The workers from the Hyundai-LG battery plant in Georgia had been scheduled to leave on Wednesday on a plane chartered by South Korea.
But the flight was delayed over whether they should wear handcuffs as they were transported to the airport in Atlanta, South Korean President Lee Jae Myung said at a press conference in Seoul on Thursday. The chartered flight is now expected to depart Atlanta later on Thursday.
“The US wanted to handcuff our workers on their way to the airport, but we insisted that it should not be that way,” said Lee, adding that the flight was further delayed after “Trump’s order that those who don’t want to go back don’t have to”.
President Trump told US officials to “encourage” the workers arrested at the Georgia plant to continue working in the country and help train Americans, according to South Korean officials cited by the state-owned news agency Yonhap.
The decision not to handcuff the workers reflected the “deep bond” forged between Trump and South Korea President Lee Jae Myung at a summit in Washington last month, the officials told Yonhap.
Of the workers due to be transported to Seoul, 330 — among them 316 Koreans, 10 Chinese, three Japanese and one Indonesian national, according to Yonhap — chose to board the flight, with one South Korean choosing to remain in the US, they added.
The workers were arrested during a raid last week on the battery plant, a joint venture between Korean conglomerates Hyundai and LG. US Immigration and Customs Enforcement later released a video of workers in yellow vests shackled at the ankles, wrists and waist.

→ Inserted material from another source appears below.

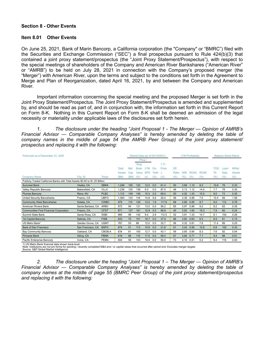Section 8 - Other Events Item 8.01 Other Events On June 25, 2021, Bank of Marin Bancorp, a California corporation (the "Company" or “BMRC”) filed with the Securities and Exchange Commission (“SEC”) a final prospectus pursuant to Rule 424(b)(3) that contained a joint proxy statement/prospectus (the “Joint Proxy Statement/Prospectus”), with respect to the special meetings of shareholders of the Company and American River Bankshares (“American River” or “AMRB”) to be held on July 28, 2021 in connection with the Company’s proposed merger (the “Merger”) with American River, upon the terms and subject to the conditions set forth in the Agreement to Merge and Plan of Reorganization, dated April 16, 2021, by and between the Company and American River. Important information concerning the special meeting and the proposed Merger is set forth in the Joint Proxy Statement/Prospectus. The Joint Proxy Statement/Prospectus is amended and supplemented by, and should be read as part of, and in conjunction with, the information set forth in this Current Report on Form 8-K. Nothing in this Current Report on Form 8-K shall be deemed an admission of the legal necessity or materiality under applicable laws of the disclosures set forth herein. 1. The disclosure under the heading “Joint Proposal 1 - The Merger — Opinion of AMRB’s Financial Advisor — Comparable Company Analyses” is hereby amended by deleting the table of company names in the middle of page 54 (the AMRB Peer Group) of the joint proxy statement/ prospectus and replacing it with the following: Financials as of December 31, 2020 Market Data (as of 04/15/2021) LTM Profitability Balance Sheet Ratios Price / Tang. 1 Yr Total Mkt Book LTM Div. Price Eff. TCE/ Loan/ NPAs/ Assets Cap Value EPS Yield ∆ Ratio NIM ROAA ROAE TA Dpts Assets Company Name City, St Ticker ($M) ($M) (%) (x) (%) (%) (%) (%) (%) (%) (%) (%) (%) Publicly-Traded California Banks with Total Assets $0.60 to $1.25 Billion Suncrest Bank Visalia, CA SBKK 1,246 155 122 12.0 0.0 61.4 50 3.69 1.10 8.2 10.6 79 0.33 Valley Republic Bancorp Bakersfield, CA VLLX 1,236 130 136 9.3 0.0 87.5 48 3.13 1.12 14.5 7.7 78 0.35 Plumas Bancorp Reno, NV PLBC 1,112 148 149 10.3 2.0 68.0 50 4.02 1.43 15.5 9.0 73 0.35 United Security Bancshares Fresno, CA UBFO 1,093 133 118 14.8 5.6 29.4 58 3.39 0.86 7.5 10.4 69 1.56 Community West Bancshares Goleta, CA CWBC 975 110 125 13.4 1.9 117.6 68 3.89 0.85 9.7 9.0 112 0.76 American Riviera Bank Santa Barbara, CA ARBV 972 94 121 13.0 0.0 56.2 65 3.97 0.86 9.2 8.2 83 0.35 Communities First Financial Corporation Fresno, CA CFST 871 127 181 10.9 0.0 99.8 45 3.92 1.60 19.3 7.9 85 0.24 Summit State Bank Santa Rosa, CA SSBI 866 99 142 9.4 2.9 112.5 52 3.91 1.33 14.7 8.1 104 0.28 1st Capital Bancorp Salinas, CA FISB 833 75 101 16.7 0.0 37.9 68 3.62 0.63 6.3 8.9 81 0.15 US Metro Bank¹ Garden Grove, CA USMT 767 53 88 12.0 0.0 32.7 56 3.32 0.81 7.6 11.4 89 0.25 Bank of San Francisco San Francisco, CA BSFO 674 51 113 10.9 0.0 21.8 51 3.42 0.85 10.8 6.8 102 0.33 Bay Community Bancorp Oakland, CA CBOB.A 634 61 100 12.7 0.0 43.1 59 3.65 0.84 8.3 7.6 92 0.04 Pinnacle Bank Gilroy, CA PBNK 618 68 115 17.5 0.0 59.4 67 3.84 0.71 7.1 9.4 88 0.01 Pacific Enterprise Bancorp Irvine, CA PEBN 604 58 103 18.9 0.0 50.0 73 4.10 0.51 5.2 9.4 118 0.00 1) US Metro Bank financial data shown bank-level Note: Institutions are not pro forma for pending / recently completed M&A and / or capital raises that occurred after period end; Excludes merger targets Source: S&P Global Market Intelligence 2. The disclosure under the heading “Joint Proposal 1 – The Merger — Opinion of AMRB’s Financial Advisor — Comparable Company Analyses” is hereby amended by deleting the table of company names at the middle of page 55 (BMRC Peer Group) of the joint proxy statement/prospectus and replacing it with the following:

Secretary of state Marco Rubio and his South Korean counterpart Cho Hyun had met on Wednesday.
After the talks, Cho said that Seoul had “secured assurances that they will face no problems re-entering the United States in the future to work”.
Cho added that he and Rubio had agreed to form a working group to explore the establishment of a working visa programme for South Korean nationals.
Korean companies are pouring tens of billions of dollars into building advanced manufacturing facilities in the US to produce chips, batteries and electric vehicles, with the bulk of the investment being made in Republican-majority states in the south and south-east.
Lee said that Korean companies expanding in the US “are dismayed by the situation”, and would be “more hesitant” about investing more in the country.
“Our workers are not there for permanent stay — they are needed to install equipment because there are no US workers [with the necessary skills] there,” said Lee. “This will have a significant impact on our investments in the US going forward.”
Trump wrote in a social media post following the raid that he encouraged foreign companies investing in the US to “LEGALLY bring your very smart people, with great technical talent, to build World Class products”.